======== Record extracts ========

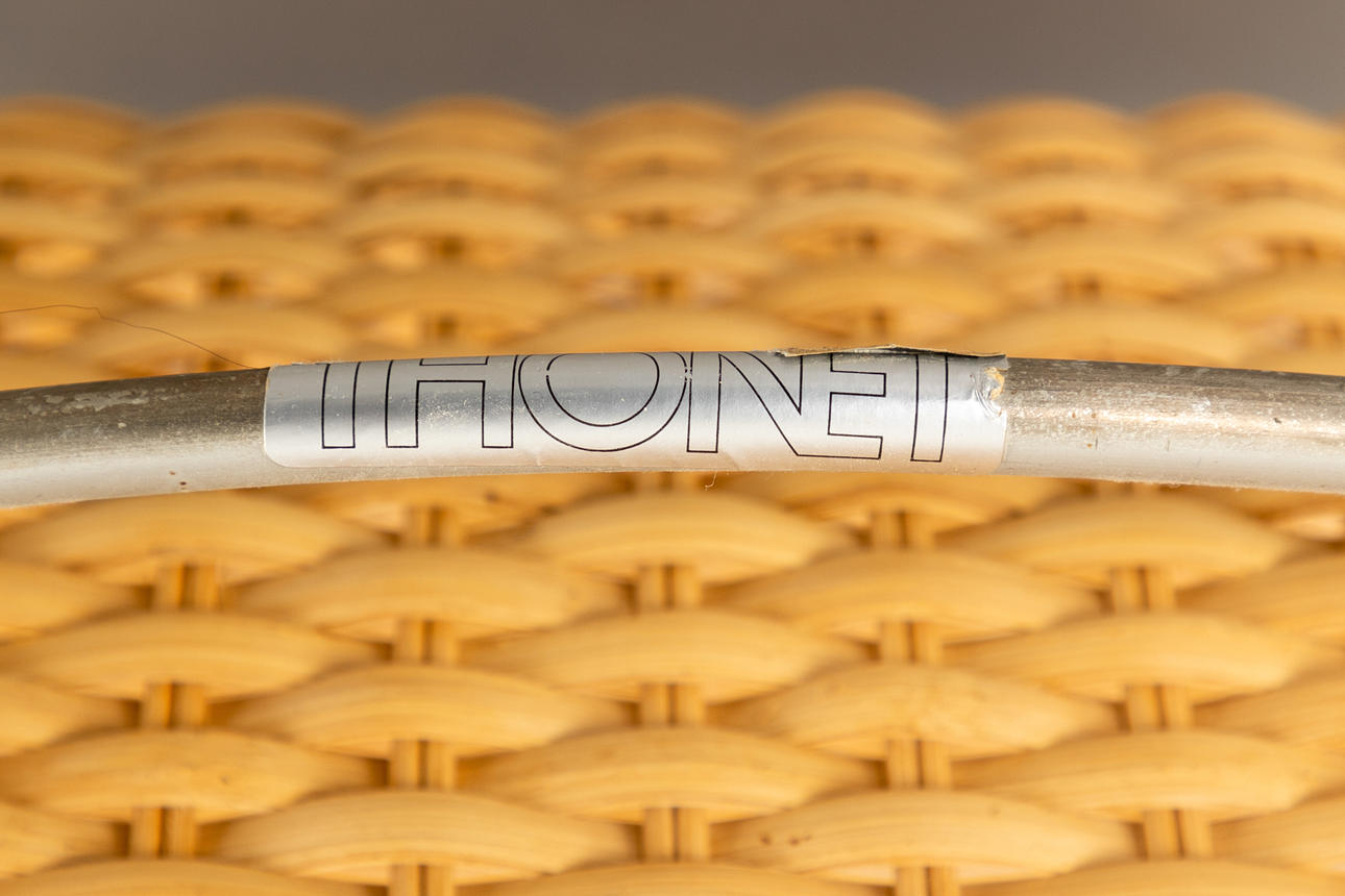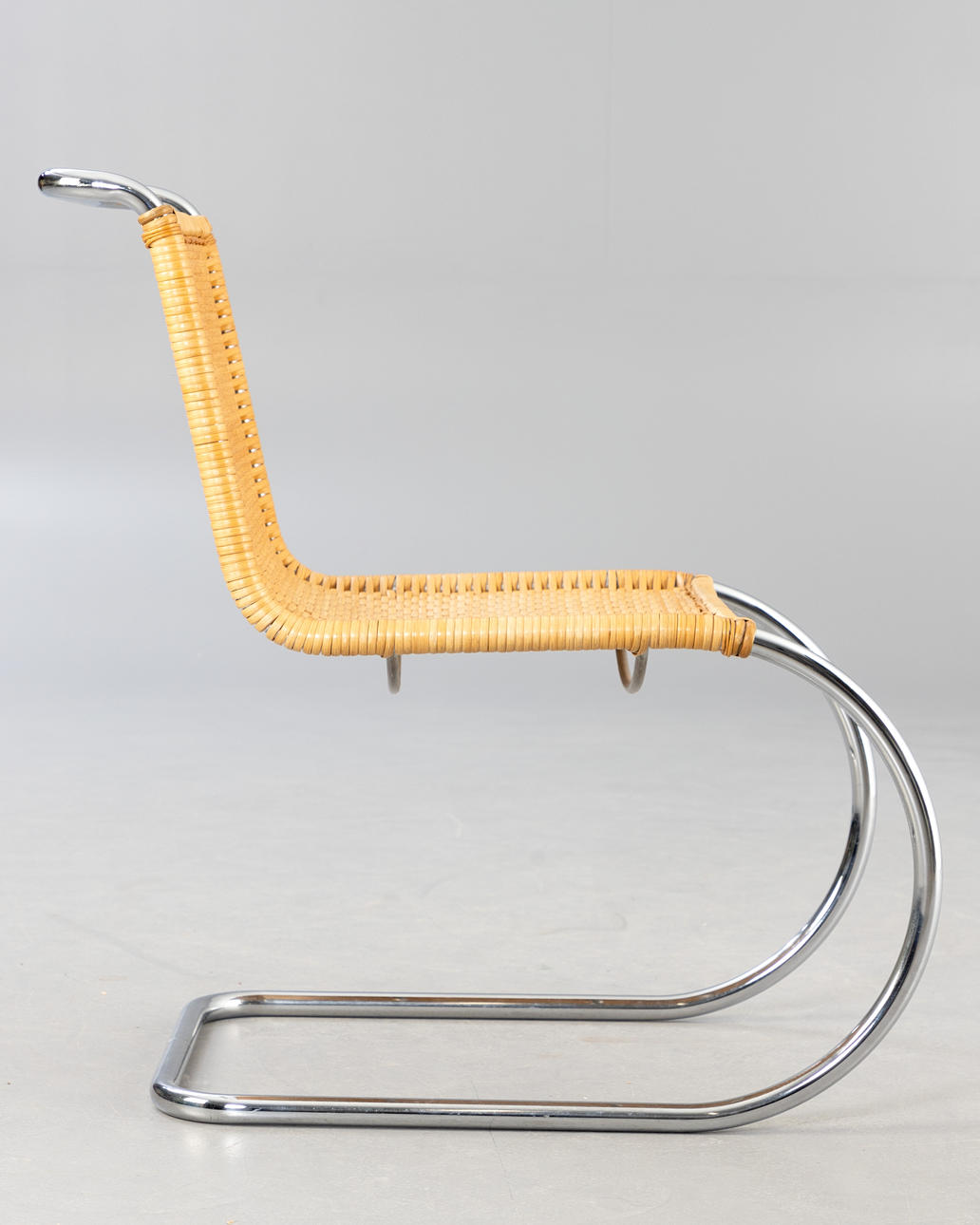 Freischwinger 'S533' von Ludwig Mies van der Rohe. Entwurf: 1927. Verchromtes Stahlrohrgestell mit einer Bespannung aus Korbgeflecht.
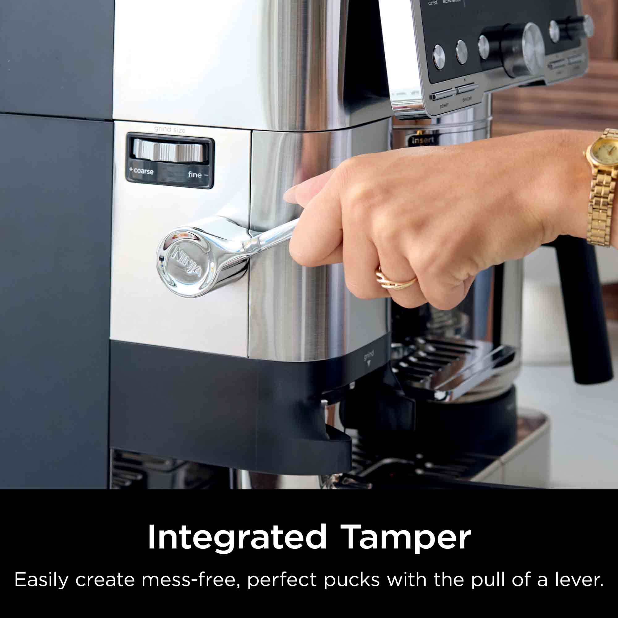 - Integrated tamper: Easily create perfect pucks with the pull of a lever.
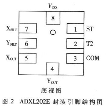 ADXL202的封裝形式為LCC-8,其封裝和引腳的示意圖如圖2所示。
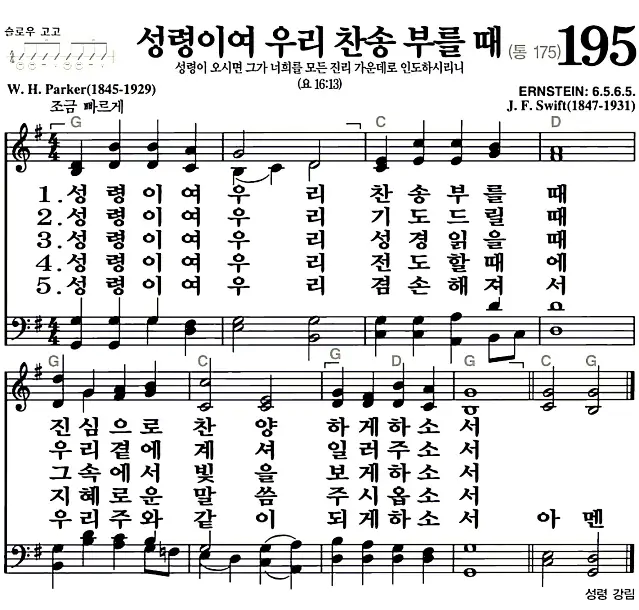 새찬송가_악보] 195장 - 성령이여 우리 찬송 부를 때 다운로드(고화질/인쇄용)
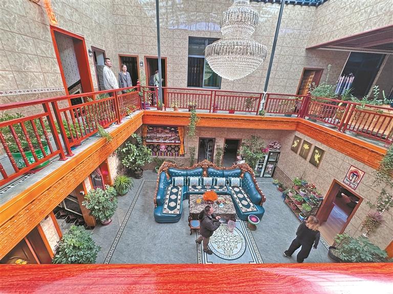 走進(jìn)次仁措姆家院子里,她正在自家果園采摘剛成熟的石榴,房前的小院里整齊擺放著各種盆栽?!耙郧胺壳拔莺箅s物亂堆,經(jīng)過整治,空出的地方種上了蔬果,現(xiàn)在家家戶戶都有小果園,多虧了村里的整治行動?!贝稳蚀肽奉I(lǐng)著我們到客廳,指著墻上的“美麗庭院”流動紅旗笑著說:“這面旗是上個月評上的,現(xiàn)在村里都比著搞衛(wèi)生,誰也不想落后。”
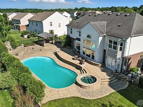 Tucked within Miamisburg's coveted Crains Run community, 4300 Turtledove Way offers a rare blend of refined interiors, flexible living space, and luxurious outdoor amenities—crafted for modern comfort and effortless entertaining. This expansive home features over 4,500 sq ft of living space, including six bedrooms and four full bathrooms. The main level showcases hardwood cabinetry and a spacious kitchen island that seamlessly connects to both formal and casual dining areas. An electric fireplace in the great room adds a touch of warmth and sophistication. Downstairs, the finished basement offers even more versatility with a wet bar and a private theater room—perfect for movie nights or hosting guests. Step outside to a backyard oasis. A raised stone patio overlooks the heated pool and elevated spa, complete with waterfall and lighting features, all controlled by the IntelliTouch system. A covered outdoor kitchen and a stone fireplace with built-in seating create the ultimate space for year-round entertaining, framed by elegant stone landscaping. Blending smart upgrades with timeless style, this home is a standout in one of Miamisburg's most desirable neighborhoods.
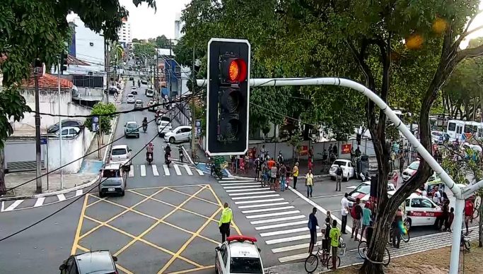 O trânsito teve de ser bloqueado na avenida Duarte da Silveira nesta segunda-feira (16) em decorrência da ação da Polícia Militar da Paraíba que perseguia um carro com um trio de suspeitos de terem assaltado uma loja de celulares.
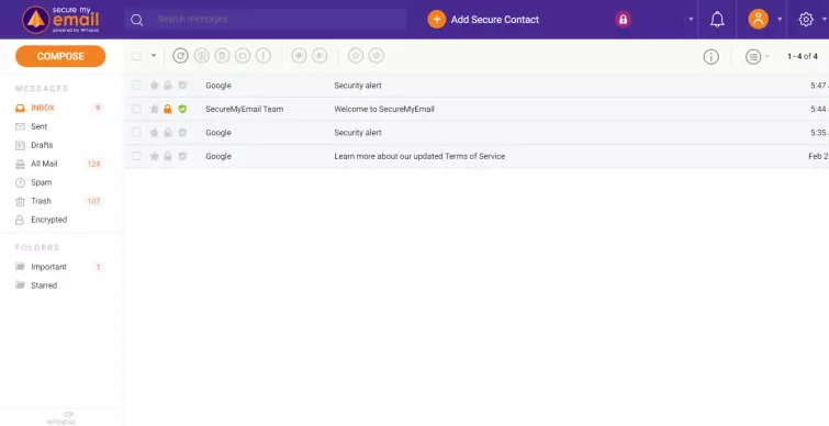 And here's the moment you've been waiting for – your SecureMyEmail inbox. It's pretty standard-fare and will be easily navigable for anyone who's used webmail before. Sending an encrypted email is likewise very similar.
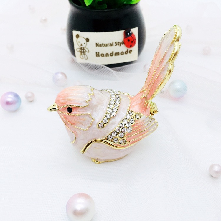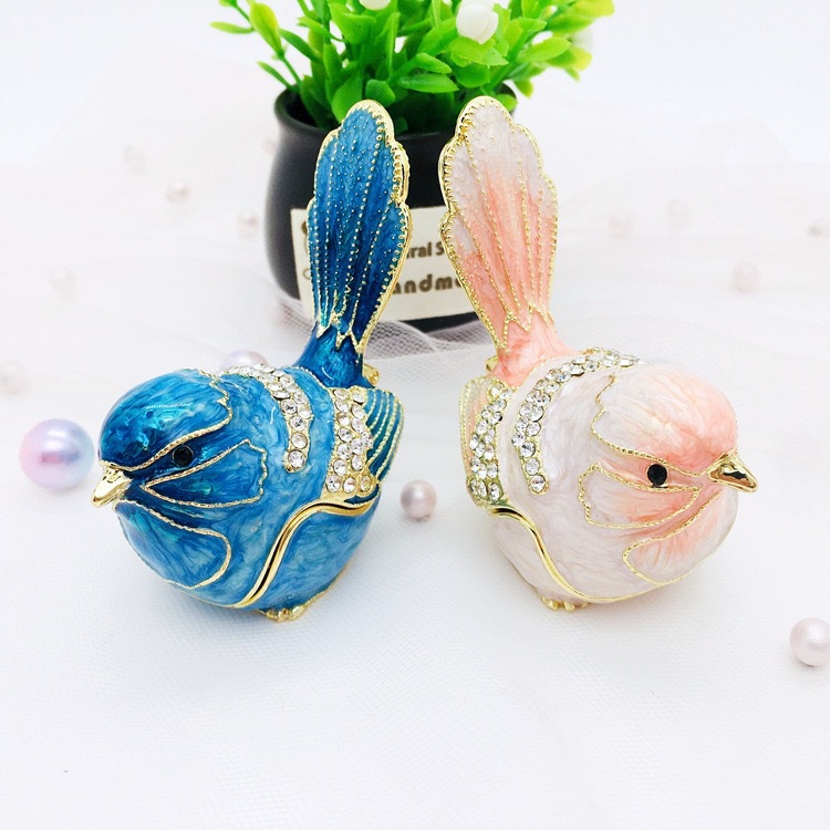 创意摆件小鸟首饰盒金属珐琅彩创意戒指项链耳环收纳盒结婚姻
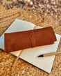 Pencil case leather pencil roll slim brown leather
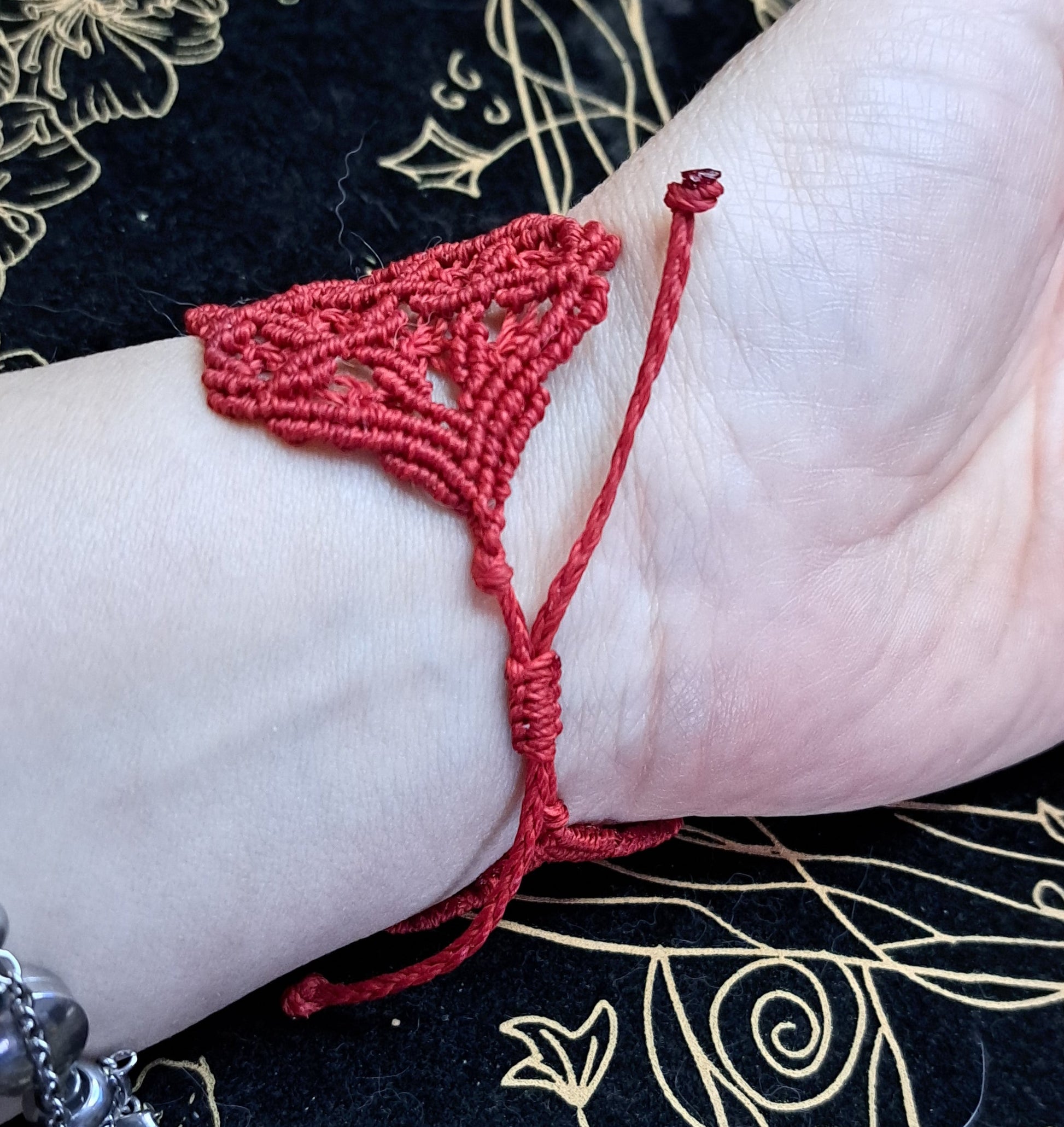 Bracelet réalisé en fil ciré Linahsita rouge foncé de 0.75mm. Taille ajustable.

========

▶ **Aim of the exercise**: An exact transcription of the records above is needed, with no pictures included.

▶ **Response**:
 Freischwinger 'S533' von Ludwig Mies van der Rohe. Entwurf: 1927. Verchromtes Stahlrohrgestell mit einer Bespannung aus Korbgeflecht.
 - Integrated tamper: Easily create perfect pucks with the pull of a lever.
 ADXL202的封裝形式為LCC-8,其封裝和引腳的示意圖如圖2所示。
 새찬송가_악보] 195장 - 성령이여 우리 찬송 부를 때 다운로드(고화질/인쇄용)
 走進(jìn)次仁措姆家院子里,她正在自家果園采摘剛成熟的石榴,房前的小院里整齊擺放著各種盆栽?!耙郧胺壳拔莺箅s物亂堆,經(jīng)過整治,空出的地方種上了蔬果,現(xiàn)在家家戶戶都有小果園,多虧了村里的整治行動?!贝稳蚀肽奉I(lǐng)著我們到客廳,指著墻上的“美麗庭院”流動紅旗笑著說:“這面旗是上個月評上的,現(xiàn)在村里都比著搞衛(wèi)生,誰也不想落后。”
 Tucked within Miamisburg's coveted Crains Run community, 4300 Turtledove Way offers a rare blend of refined interiors, flexible living space, and luxurious outdoor amenities—crafted for modern comfort and effortless entertaining. This expansive home features over 4,500 sq ft of living space, including six bedrooms and four full bathrooms. The main level showcases hardwood cabinetry and a spacious kitchen island that seamlessly connects to both formal and casual dining areas. An electric fireplace in the great room adds a touch of warmth and sophistication. Downstairs, the finished basement offers even more versatility with a wet bar and a private theater room—perfect for movie nights or hosting guests. Step outside to a backyard oasis. A raised stone patio overlooks the heated pool and elevated spa, complete with waterfall and lighting features, all controlled by the IntelliTouch system. A covered outdoor kitchen and a stone fireplace with built-in seating create the ultimate space for year-round entertaining, framed by elegant stone landscaping. Blending smart upgrades with timeless style, this home is a standout in one of Miamisburg's most desirable neighborhoods.
 O trânsito teve de ser bloqueado na avenida Duarte da Silveira nesta segunda-feira (16) em decorrência da ação da Polícia Militar da Paraíba que perseguia um carro com um trio de suspeitos de terem assaltado uma loja de celulares.
 And here's the moment you've been waiting for – your SecureMyEmail inbox. It's pretty standard-fare and will be easily navigable for anyone who's used webmail before. Sending an encrypted email is likewise very similar.
 创意摆件小鸟首饰盒金属珐琅彩创意戒指项链耳环收纳盒结婚姻
 Pencil case leather pencil roll slim brown leather
 Bracelet réalisé en fil ciré Linahsita rouge foncé de 0.75mm. Taille ajustable.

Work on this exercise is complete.